- The Washington Times - Monday, October 5, 2015

ANALYSIS/OPINION:

Washington Nationals general manager Mike Rizzo has done an excellent job in stocking the farm system and building a winning club at the major-league level. Few franchises rate as high as the Nationals on both counts.

But when it comes to picking managers, Rizzo is 50-50.

Davey Johnson was a triple into the gap, leading Washington to respectability in 2012 with its first winning record and first division title. The team failed to meet Johnson’s “World Series or bust” proclamation the following season, missing the playoffs altogether, but the seasoned manager retired left with his fine reputation intact.

That’s when Rizzo hired Matt Williams. Although he led Washington to its second National League East crown and won NL Manager of the Year honors as a rookie skipper in 2014, Williams goes down as a strikeout for Rizzo.



“This wasn’t our best year,” Rizzo said Monday afternoon after he fired Williams. “It wasn’t Matt’s best year and it wasn’t my best year.”


SEE ALSO: LOVERRO: Matt Williams wasn’t a good manager, but his players drove him out


Rizzo had no choice but to part ways with the man he trusted to lead a championship-caliber team. The epic failure of a consensus World Series favorite sitting at home for the postseason isn’t entirely Williams‘ fault, but there was too much stench attached to his strategy and communication skills and the situation stinks enough without him.

He didn’t construct the bullpen. He didn’t cause the injuries. He didn’t implode on the mound or fizzle at the plate. He didn’t instruct virtually every Nationals player to perform below career standards.

But he also never grew in the position that Rizzo gave him on blind faith. On-the-job training wasn’t enough to make Williams better in relating to his players or developing gut instincts that could supersede by-the-book approaches when necessary.

“He had a steadiness, a calmness to him,” Rizzo said. “That was one of his strengths. He led by example and was extremely hard working. No one got to the park earlier, worked harder or cared more.”

Unfortunately for Williams and his tightly-wound ilk, working longer and harder can be the antithesis of working better and smarter. Baseball’s six-month marathon is enough of a grind without help from the manager’s office, especially when a team is expected to make a deep postseason run.

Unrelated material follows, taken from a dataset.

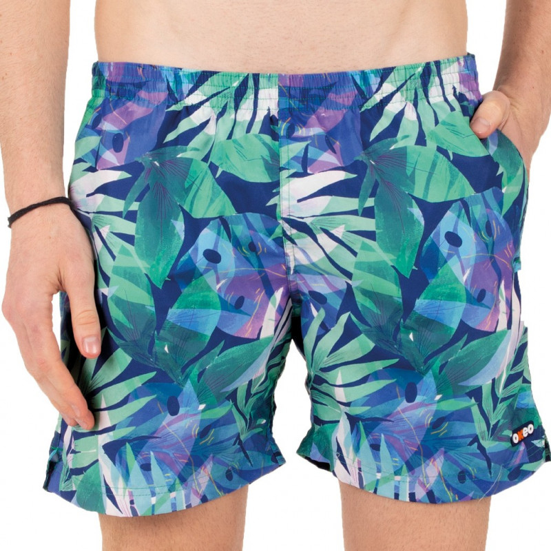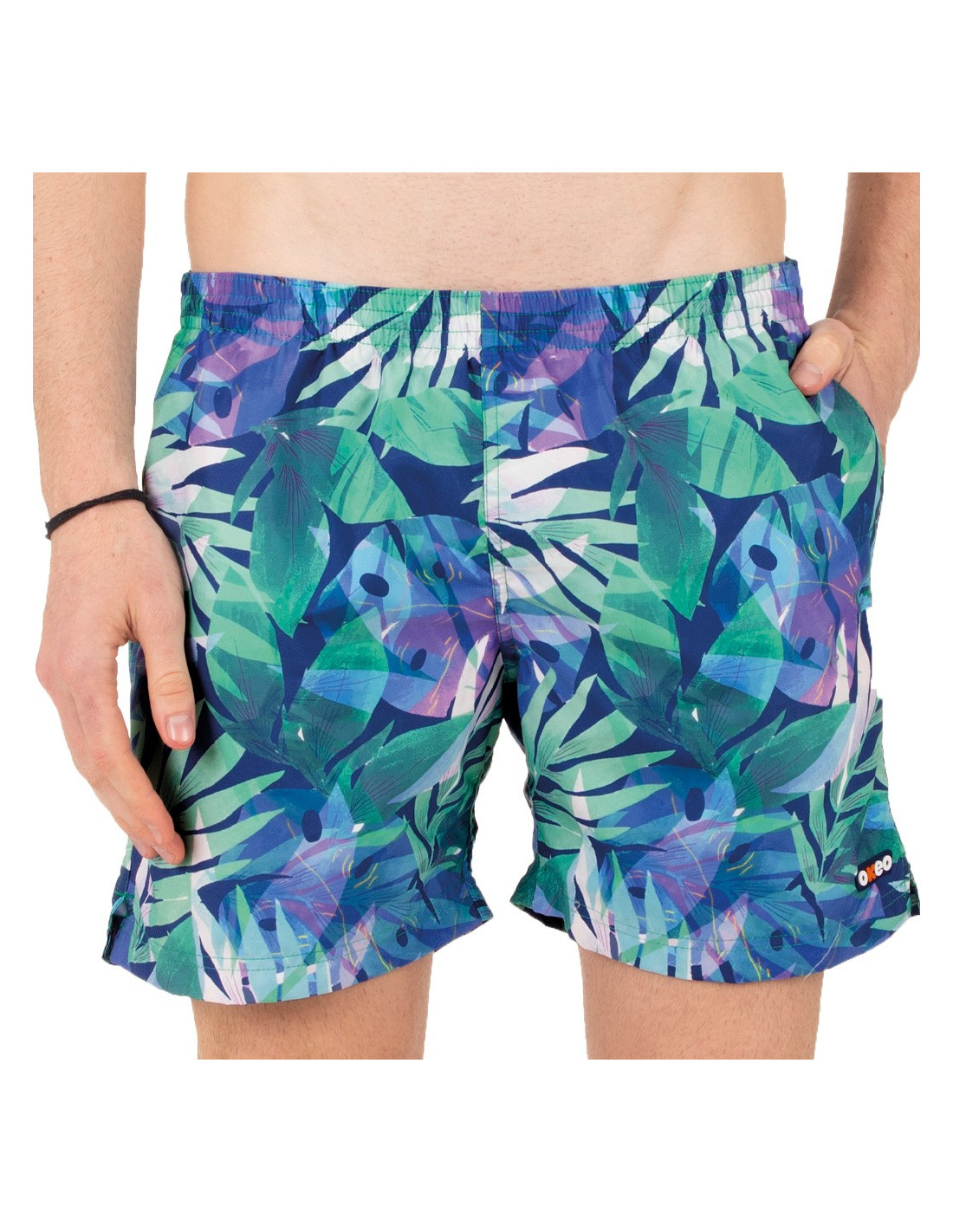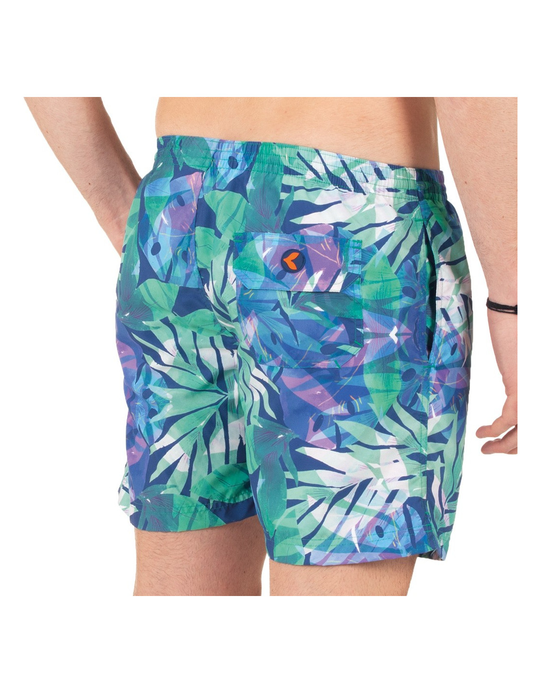 Herren-Badehose mit Seitentaschen und Gesäßtasche. Innenliegendes Mesh-Gewebe für optimale Unterstützung. Tropischer Print auf aquagrünem Hintergrund. Aus schnelltrocknendem Polyester.

Perhaps as a defense mechanism against Williams — or perhaps an ingrained deficiency that needs to be addressed — the club never expressed a sense of urgency as the season frittered away. The Nationals shriveled at the most inopportune times, being swept in crucial, late-season series against the Baltimore Orioles, San Francisco Giants and New York Mets (twice).

There’s no telling if an experienced manager would’ve fared better, but good skippers can be worth 10 victories. That would’ve given Washington 93 wins, three more than New York. Williams breezed through his inaugural season last year as the Nationals won the division by 17 games and never led by fewer than six in September.

There was no real pressure until the Division Series against San Francisco. Sadly, those results were a precursor to this year’s performance under the strain of heightened expectations.

Rizzo would love to have a tried-and-true manager for a team that has plenty of win-now pieces, but pickings are slim when it comes to proven, retired free agents such as Johnson and fellow old-timer Jim Leyland. The same is true of active candidates with name recognition and big-time resumes. Mike Scioscia, who has a World Series ring and two American League Manager of the Year awards, had an opt-out clause with the Los Angeles Angels but on Monday announced he was returning.

“We’re going to bring in a group of people with diverse backgrounds, experiences and skill sets,” Rizzo said. “That’s something we didn’t do last time. We brought in candidates with little or no managerial experience.”

No one would complain if a candidate fitting the latter profile turned out like Mike Matheny. He spent four years in the St. Louis Cardinals’ front office upon retirement before landing in the dugout, having never managed at any level. All Matheny has done in four seasons is reach the playoffs every year.

Rizzo has to get this hire right in order to continue enjoying his handiwork. He still has a fine batting average but he erred in tabbing Williams and adding Jonathan Papelbon at the trade deadline. Picking the next manager will define Rizzo as much as stocking the farm system and constructing a major-league club that has the third-most victories since 2012.

“We feel like we’re one of the really stable and good organizations in baseball,” he said.

Agreed.

But that assessment is subject to change unless he makes a better managerial decision this time around.